Instructions to follow:
Go to the line that contains "クリスマス、サンタコスチュー" in the listing below, then output it and every line after it exactly, omitting pictures.

Data section:
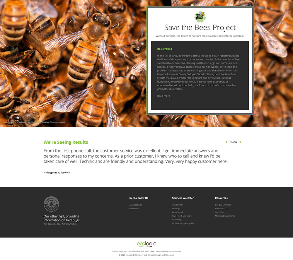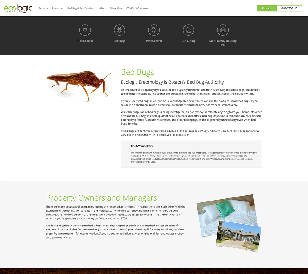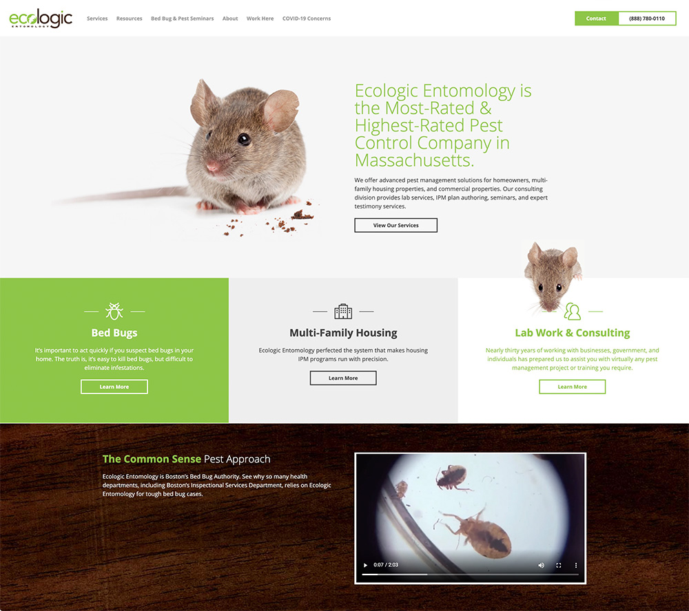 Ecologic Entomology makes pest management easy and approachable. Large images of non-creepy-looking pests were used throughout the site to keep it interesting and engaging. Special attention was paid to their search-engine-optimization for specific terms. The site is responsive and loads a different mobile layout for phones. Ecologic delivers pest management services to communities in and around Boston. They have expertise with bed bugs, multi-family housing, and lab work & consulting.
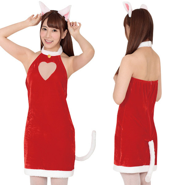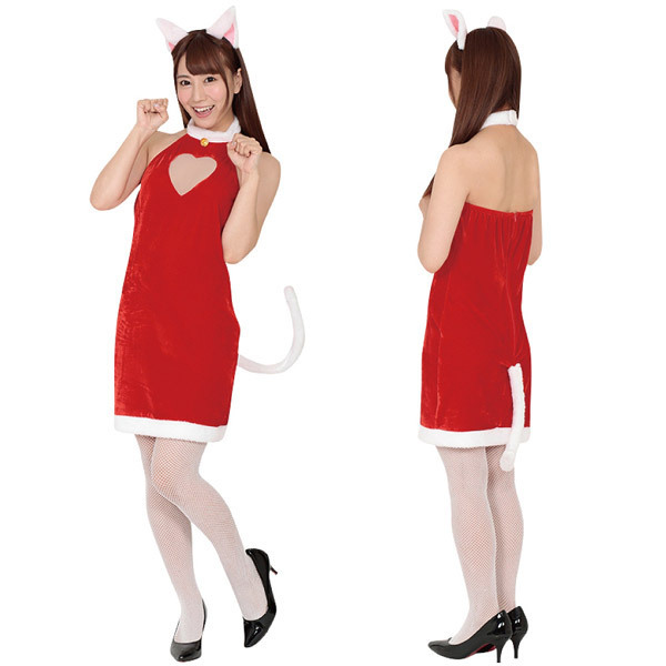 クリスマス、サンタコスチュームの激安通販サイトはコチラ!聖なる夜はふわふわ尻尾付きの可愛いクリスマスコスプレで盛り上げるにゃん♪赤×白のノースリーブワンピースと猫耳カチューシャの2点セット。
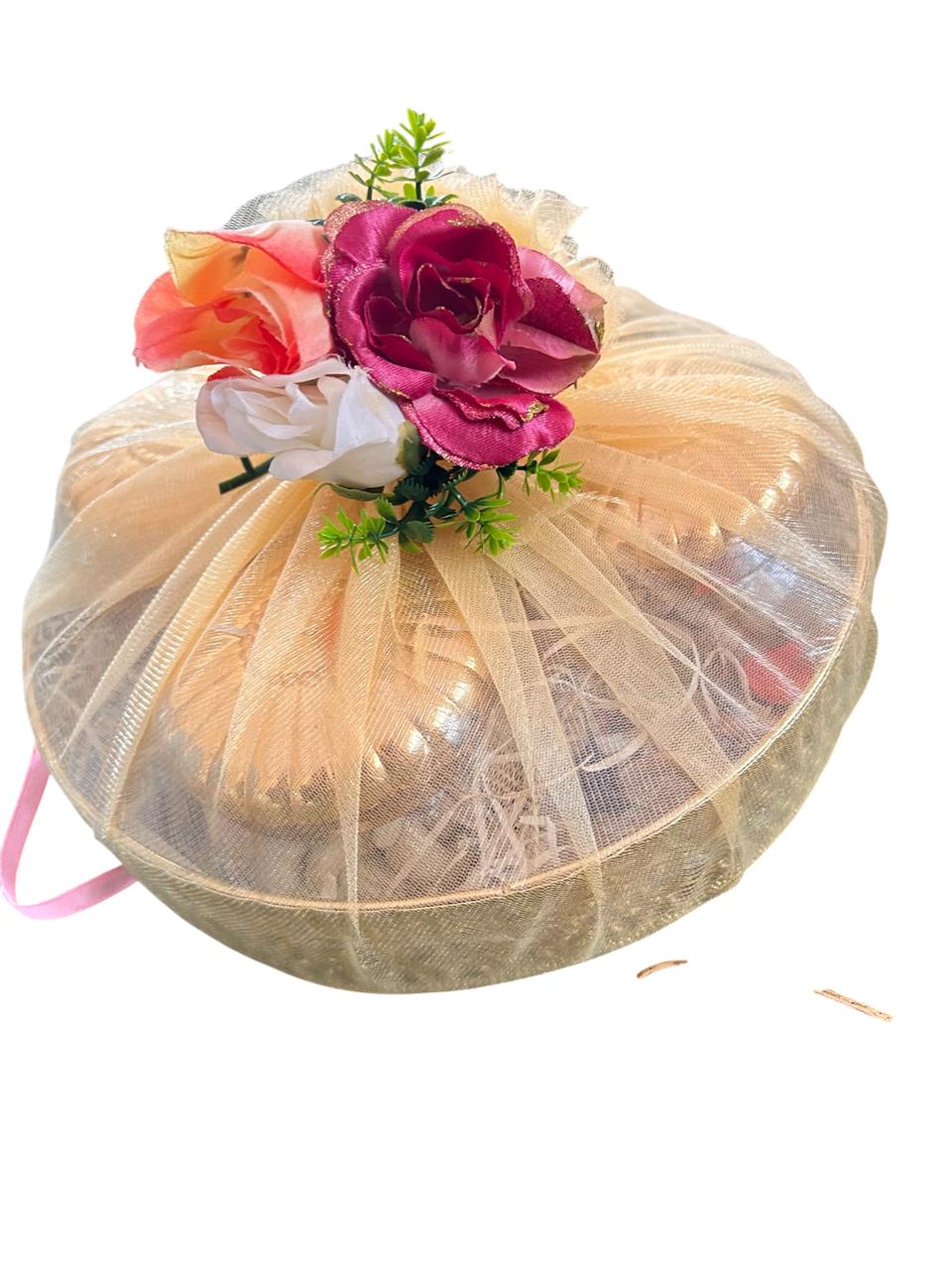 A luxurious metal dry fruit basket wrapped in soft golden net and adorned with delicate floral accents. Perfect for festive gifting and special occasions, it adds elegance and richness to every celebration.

Reply to the task:
 クリスマス、サンタコスチュームの激安通販サイトはコチラ!聖なる夜はふわふわ尻尾付きの可愛いクリスマスコスプレで盛り上げるにゃん♪赤×白のノースリーブワンピースと猫耳カチューシャの2点セット。
 A luxurious metal dry fruit basket wrapped in soft golden net and adorned with delicate floral accents. Perfect for festive gifting and special occasions, it adds elegance and richness to every celebration.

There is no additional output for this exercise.